Just a few hours before the assignment was due, Philemon’s subcontractor told him he wasn’t able to complete it. “I found a person who could do it, but then he let me down. They found it too complex,” said Philemon, whose account on the contract cheating site was consequently suspended temporarily.

For the students who commission out their homework, the perils are more obvious. While contract cheating presents a way to avoid anti-plagiarism software, it isn’t foolproof. Especially when there’s a discerning teacher.

Professor Christian Moriarty, who teaches ethics and law at St. Petersburg College in Florida, remembers when he caught one of his own undergraduate students cheating in a mandatory ethics class. “The plagiarism software did not come up with anything,” he said.

“But I was highly suspicious. I invited her to my office, and I just asked plainly, ‘Did you write this?’” said Moriarty, noting that the student’s essay was of a higher standard than assignments she had submitted previously. “She said ‘no.’”

When Moriarty worked with the student to redo the assignment, he realized that while she didn’t set out to cheat on the assignment, she didn’t feel confident about completing it herself. “The student didn’t want to cheat, and she knew cheating was wrong. But at the time, she didn’t see an alternative,” he said.

For Moriarty, who serves on the board of the International Center for Academic Integrity, this is an example of why teachers should be more empathetic when dealing with students who cheat. He argues that institutions should focus on learning why students cheat in the first place.

“What I could see from her is that no one really taught her how to study. No one really taught her how to take notes,” Moriarty said. “We don’t want to think of ourselves as police, or groups of people trying to catch the bad guys.”

Still, higher education institutions around the world have tried to crack down on contract cheating by targeting providers of contract cheating.

More than a dozen US states have legislation against the practice, and in Australia, lawmakers are considering new legislation that would make it an offense to provide or advertise cheating services. In the UK, higher education institutions have urged Paypal and Google to lock payments and advertisements for contract cheating websites.
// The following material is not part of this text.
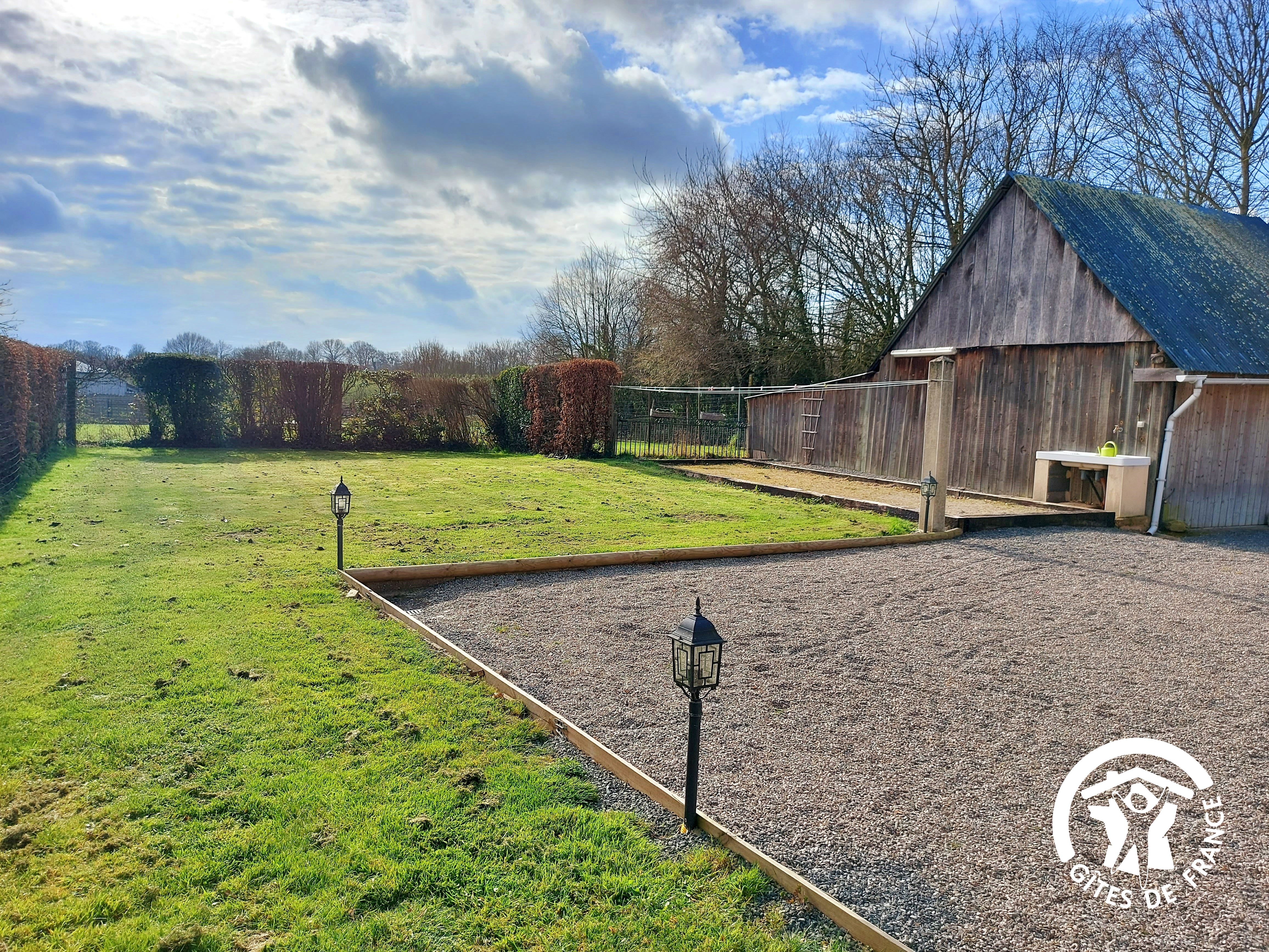 Le jardin est entièrement clos et donne sur la campagne et des champs accueillant des cerfs.
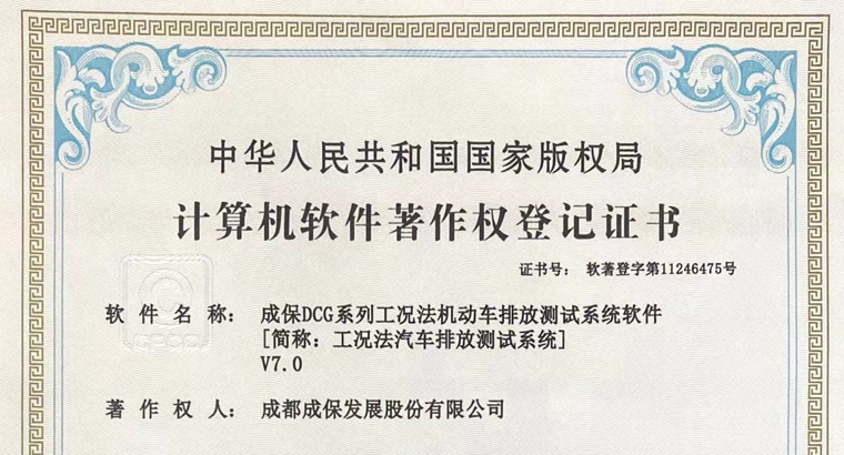 本網(wǎng)訊(邱云飛報(bào)道)近期,成都成保發(fā)展股份有限公司(以下簡稱:“成都成?!保癉CG系列工況法機(jī)動(dòng)車排放測試系統(tǒng)V7.0”正式獲得國家版權(quán)局頒發(fā)的計(jì)算機(jī)軟件著作權(quán)證書。其系列工況法在堅(jiān)持傳統(tǒng)制造工藝的基礎(chǔ)上持續(xù)研發(fā)創(chuàng)新,實(shí)現(xiàn)了系統(tǒng)軟件功能升級(jí)和服務(wù)升級(jí)。

But legislation has failed to quell the practice, which shows no signs of slowing down.

Moriarty argues that legislation alone isn’t sufficient to address contract cheating, and suggests that institutions do more to teach about integrity, and communicate the value of education.

“The No. 1 argument they respond to more than anything else is that if our institutions become known for tolerating cheating, that students can get away with cheating here, then what is the value of your degree at that point? Students want their degrees to be seen as valuable,” Moriarty said.

Communicating the value of education has been a perennial challenge for higher education institutions, especially in the age of admissions scandals and heated conversations about equity in education.

For academic writers like Charles, the intention is not to compromise the value of higher education institutions. In fact, many academic writers in Kenya end up in this line of work because despite having degrees, they are unable to find jobs in a troubled economy.

“There’s a lot in the industry that is instigated by need. There is a need to earn,” said Charles, who has a bachelor’s degree in education, but has completed assignments ranging from essays on nuclear medicine to PhD dissertations.” Still, the irony that a Kenyan hundreds of miles away is doing work for American students isn’t lost on him.

“You don’t have a job in Africa and you are writing an article about missing jobs in Atlanta,” he said.

But Charles doesn’t blame the students whom he helps earn degrees. In his mind, the value of education and learning goes beyond certificates and degrees.

“The society has construed the purpose of learning for academic purposes only and you get certificates,” said Charles, who is working to complete a master’s degree in Kenya and would like the opportunity to study abroad one day.

“Here, you don’t get a certificate, but the information is quite interesting.”